PANDA guides at Edinburgh Zoo have said there is further evidence Tian Tian is pregnant, leading to renewed hope that she could give birth to the UK’s first cub.
Staff said her male partner, Yang Guang, has repeatedly become agitated by what is thought to be the level of hormones that the female is giving off. He has withdrawn from the public enclosure several times as a result, the zoo said, and has been unsettled.
The news follows the initial window estimated for the birth passing on 10 September, and speculation that a cub may not arrive this year.
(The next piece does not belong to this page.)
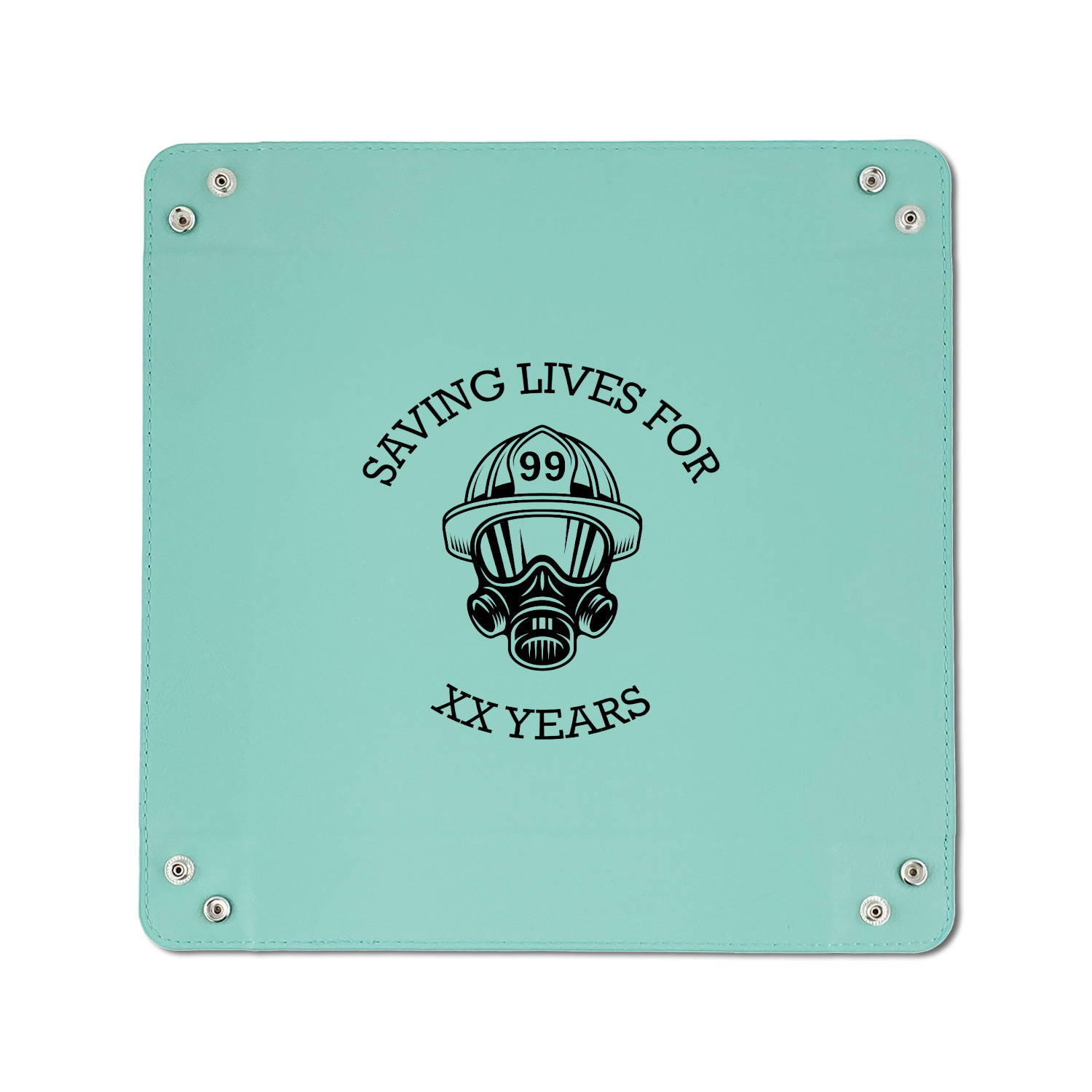 This design features a beautiful illustration of a firefighter's gear with axes. The top banner is where your personalization goes and underneath it says "Firefighter." The main colors are red and grey. The background is a cream and light cream color and has all kinds of fun firefighter symbols and illustrations. This is the perfect way to say thank you to the firefighter in your life.

Only a week ago, hopes began to fade as zoo chiefs openly admitted it was only “possible” Tian Tian was pregnant.
But a guide in the enclosure yesterday gave visitors the impression they are in little, if any, doubt about a happy outcome.
He said: “We think Tian Tian will give birth any day now because of a hormone she is giving off.”
He also revealed that the male panda, Yang Guang, had been severely affected by the hormone. “The hormone is making Yang Guang really restless,” said the guide.
Despite the apparent optimism of staff though, a zoo spokeswoman said the situation remains unclear.
She said: “In terms of Tian Tian’s possible pregnancy, we’re not out of the game yet, although she’s keeping us on our toes. Her hormones are following an atypical pattern, with lots of rises and dips, which make timings much harder to predict.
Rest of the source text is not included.